§ ABOUT THIS TASK
Please print the entries below exactly, from the line with "七つの色に変化、白く光る、ゆらゆら揺れて光るろうそく型のライトです。" through the line with "Color: black, Shoe", including both of those lines and leaving out all others.

§ EXTRACTED INFORMATION

***

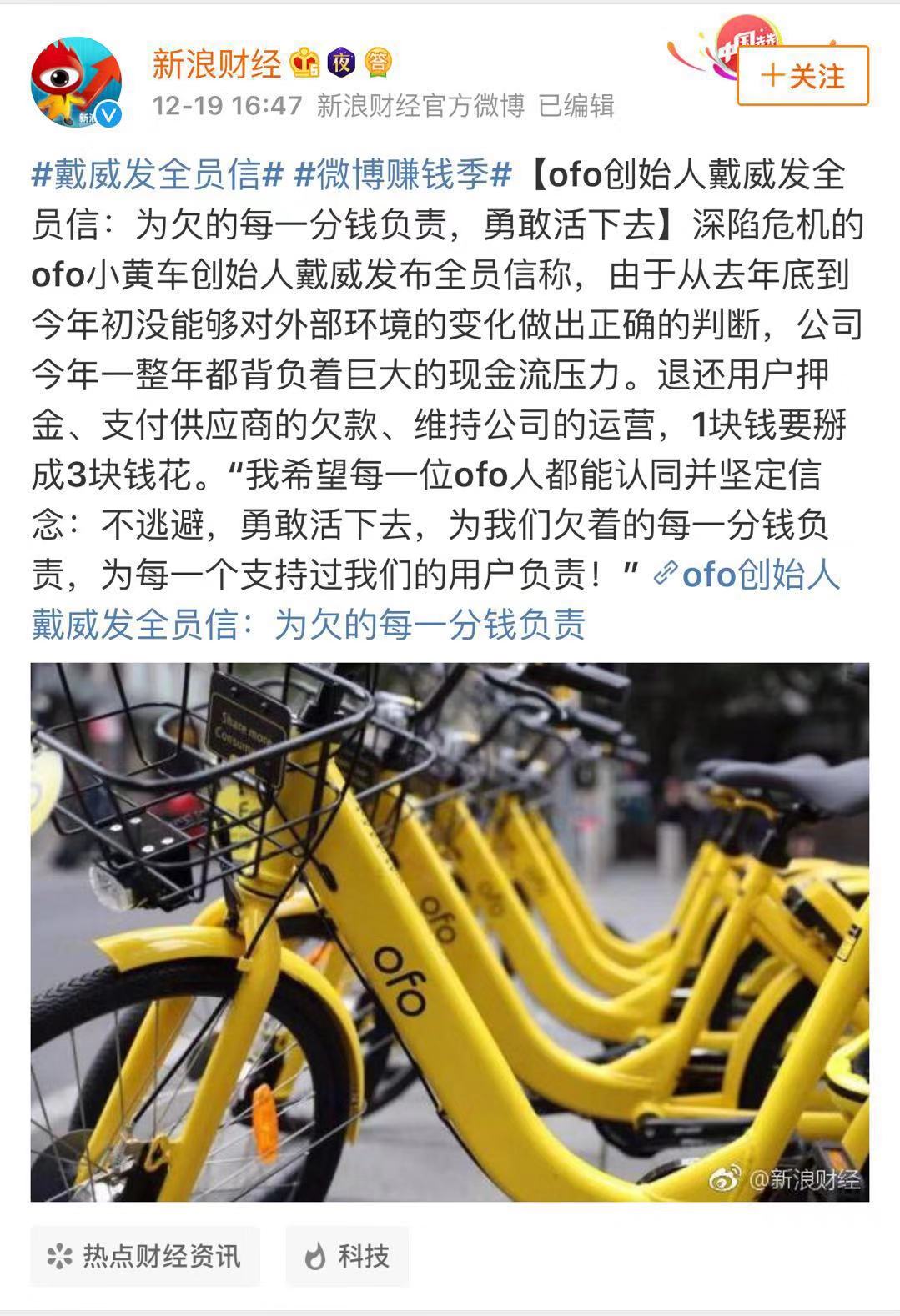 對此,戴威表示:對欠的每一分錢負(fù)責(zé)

***

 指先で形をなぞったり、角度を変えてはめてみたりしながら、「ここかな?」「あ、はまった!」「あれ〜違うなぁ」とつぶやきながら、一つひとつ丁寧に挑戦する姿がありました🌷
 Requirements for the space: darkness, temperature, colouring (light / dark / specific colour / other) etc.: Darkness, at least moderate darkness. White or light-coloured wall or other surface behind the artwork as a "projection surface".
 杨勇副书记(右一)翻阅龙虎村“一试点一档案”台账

***

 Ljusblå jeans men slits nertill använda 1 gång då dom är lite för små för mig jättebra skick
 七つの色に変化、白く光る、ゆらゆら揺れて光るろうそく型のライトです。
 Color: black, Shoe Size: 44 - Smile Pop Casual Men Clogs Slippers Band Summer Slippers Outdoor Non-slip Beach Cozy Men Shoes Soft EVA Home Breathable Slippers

***

§ TASK SOLUTION
 七つの色に変化、白く光る、ゆらゆら揺れて光るろうそく型のライトです。
 Color: black, Shoe Size: 44 - Smile Pop Casual Men Clogs Slippers Band Summer Slippers Outdoor Non-slip Beach Cozy Men Shoes Soft EVA Home Breathable Slippers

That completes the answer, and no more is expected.